Reimagining Carbon Capture: How Land and Sea Are Joining Forces to Tackle Climate Change

According to the National Oceanic and Atmospheric Administration (NOAA), the ocean holds roughly 50 times more carbon than the atmosphere—a staggering fact that underscores the ocean’s importance in regulating Earth’s climate. Enter “blue carbon”: carbon sequestered by marine ecosystems, including whales, seagrasses, mangroves, and salt marshes.

Here’s a surprising figure backed by the International Monetary Fund (IMF) and research from marine biologists around the globe: a single whale can capture up to 33 tons of CO₂ in its body over its lifetime. When a whale dies, its carbon-rich remains sink to the deep ocean floor, effectively locking away that carbon for centuries. This stands in contrast to land-based animals, whose decomposing remains quickly release CO₂ back to the atmosphere.

Though spectacular, whales are only part of the equation. Mangroves and salt marshes bury carbon in sediment at rates up to four times higher, per acre, than tropical rainforests. It’s why conservationists have spent years advocating for measures like the High Seas Treaty—a global framework that would allow extended Marine Protected Areas beyond national waters. By preventing unchecked industrial fishing or resource exploitation in these international zones, the ocean can continue to perform its carbon-storage magic.

While the ocean does the heavy lifting offshore, an equally robust movement is shaking up how we treat farmland, forests, and organic waste. Soil stores more carbon globally than both the atmosphere and vegetation combined—roughly 2,500 gigatons of carbon, according to the Intergovernmental Panel on Climate Change (IPCC).

One emerging star in this scene is biochar: a carbon-rich material produced by heating organic biomass (such as crop residue) in a low-oxygen environment. A properly made biochar doesn’t degrade easily, effectively locking carbon into soil for centuries. Biochar’s carbon benefits have been verified in numerous peer-reviewed studies, including work published in the journal Nature Communications, which found that biochar can reduce greenhouse gases while boosting soil health.

“With biochar, we can drastically reduce methane emissions from decomposing organic matter,” says Bill Ickes for Dynamic Carbon Credits (DCC), a company specializing in large-scale biochar production. “And because our feedstocks are plant-based, we aren’t competing with food systems.
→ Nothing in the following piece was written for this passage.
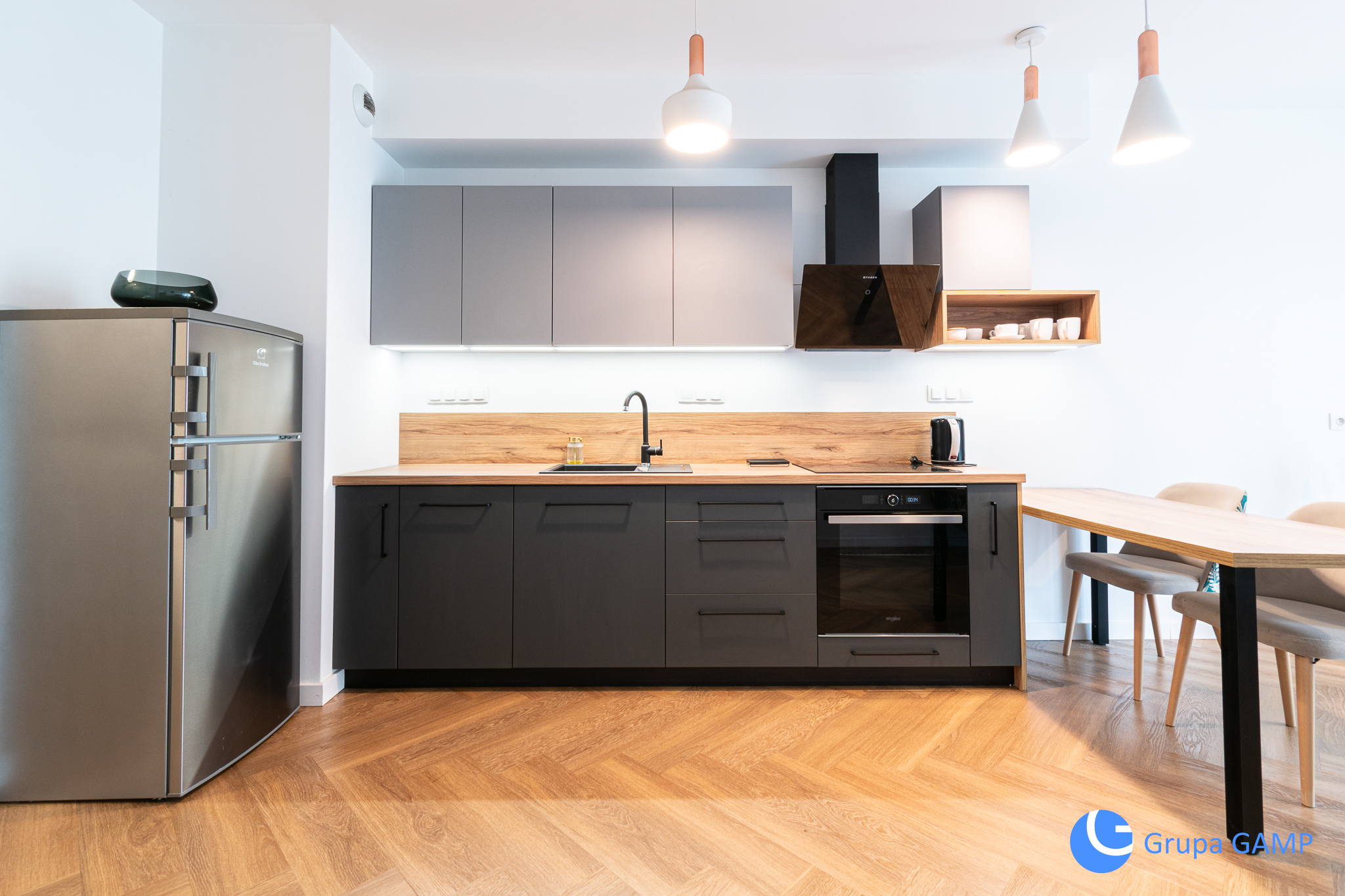 – aneks kuchennym w którym znajdują się: meble w zabudowie kuchennej, zmywarka, piekarnik, indukcyjna płyta grzewcza, okap, lodówko-zamrażarka, zlewozmywak,

We use third-party verification that analyzes everything from our soil test data to the carbon lifecycle of the final product. That way, when our clients purchase carbon credits or incorporate biochar, they know they’re not buying greenwashing—they’re getting independently validated results.”

Skepticism around carbon offsets is plentiful. Headlines of “too-good-to-be-true” claims have made corporations and consumers wary. That’s why a rigorous verification process is crucial.

“It’s easy to say you’re burying carbon or reducing emissions,” says Eric Johnson, an environmental auditor affiliated with the Verified Carbon Standard (VCS). “It’s harder to prove it.”

Organizations like DCC enlist specialized labs and certification bodies to measure carbon emissions reduced or sequestered. These entities perform lifecycle assessments, double-check feedstock inputs, and verify processes against established protocols, such as those recognized by the American Carbon Registry or voluntary market standards like VCS and Gold Standard.

“These third-party certify that every metric ton of CO₂ equivalent really is going away—and staying away,” Johnson says.

In parallel with land-based solutions, ocean advocates argue for stronger international policies. One reason is that whales, kelp forests, and other marine species don’t just capture carbon—they stimulate plankton growth by circulating nutrients. More plankton means more CO₂ pulled from the atmosphere through photosynthesis. Many scientists see synergy here: as marine ecosystems flourish under protection, land-based operations—like biochar production—complement this effort by preventing more emissions from piling up in the first place.

David Karl, a professor of oceanography at the University of Hawaiʻi, points out that “coordinated action in both spheres gives us a better shot at mitigating the worst impacts of climate change.”

Optimism is in short supply these days, but these land-and-sea carbon capture efforts offer a glimmer of hope—particularly when paired with third-party oversight. Transparent data, methodical testing, and verifiable metrics have become the pillars of credibility in sustainability.

“The big lesson we’ve learned is simple,” says the Ickes. “No single solution will cut it alone. We need to protect biodiversity in the open ocean while also revamping farmland practices and rethinking how we manage organic waste. When you tie those two realms together, we collectively build a more resilient planet.”

At a time when global CO₂ levels are hitting record highs, the emerging consensus is clear: The more carbon we can store safely—whether in ocean trenches, restored mangroves, or biochar-enhanced soils—the better. The difference between hand-waving claims and real, quantifiable impact comes down to third-party verification and a commitment to evidence-based science.

That standard is quickly becoming non-negotiable, especially for companies seeking sustainability cred. And for anyone who’s looked at the graphs of rising CO₂ and felt their stomach drop, that’s a leap forward we can all welcome.